The term “queer criminology” is increasingly being used in criminological discussions, though there remains little consistency with regard to how it is used and to what it refers. It has been used broadly to describe criminological research on LGBTQ people and their interactions with the justice system, more specifically to describe those analyses that identify and critique the heteronormative knowledges or binarized understandings of gender and sexuality within criminal justice research, and also to label theoretical and conceptual pieces that argue for a greater connection between queer theory and criminology. However, there are some important distinctions between “queer criminology” and “queer theory” more widely, particularly the deconstructive approaches of the latter. This chapter explores the engagements between queer theory and “queer criminology,” specifically focusing on whether “queer criminology” adopts an understanding of “queer” as an attitude, and as signifying a deconstructive project—a position that features in many strands of queer theoretical work. It will argue that while there are different ways of engaging with “queer” as a concept, and that each of these engagements produces different kinds of “queer” projects, “queer criminology” does not always engage with the deconstructive approaches drawn from queer theory.
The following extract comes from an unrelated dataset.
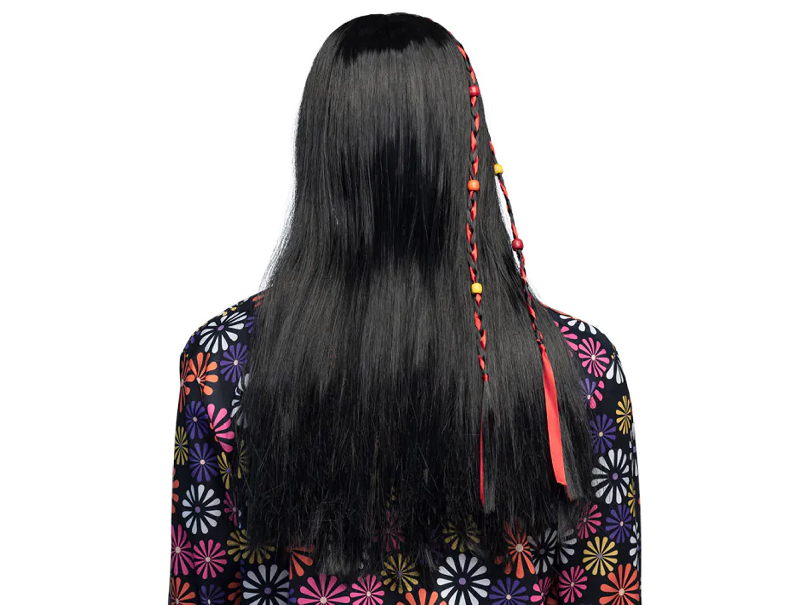 Przenieś się w czasie do ery miłości i pokoju z naszą stylową "Peruką Hippisa z Warkoczykami". Idealna dla każdego, kto chce dodać autentyczny akcent do swojego kostiumu hippisa, ta peruka charakteryzuje się długimi, prostymi czarnymi włosami, uzupełnionymi o urokliwe warkoczyki zdobione koralikami. Załóż ją na karnawał, imprezę kostiumową czy inne specjalne okazje i bądź pewien, że przyciągniesz uwagę wszystkich wokół.

Ultimately, this can limit the ways that “queer criminologists” are able to address injustice.

Keywords

Queer theory Queer Criminology Crime and justice LGBT people Critique Poststructural theory 

Notes

Acknowledgments

The author would like to thank the following people for their insightful comments on this chapter: Christian Callisen, Belinda Carpenter, Jo Phoenix, Jordan Blair Woods, Juan Tauri, Liz Morrish, Peter O’Brien, Angela Dwyer, Sharon Hayes, Vanessa R. Panfil, and Dana Peterson.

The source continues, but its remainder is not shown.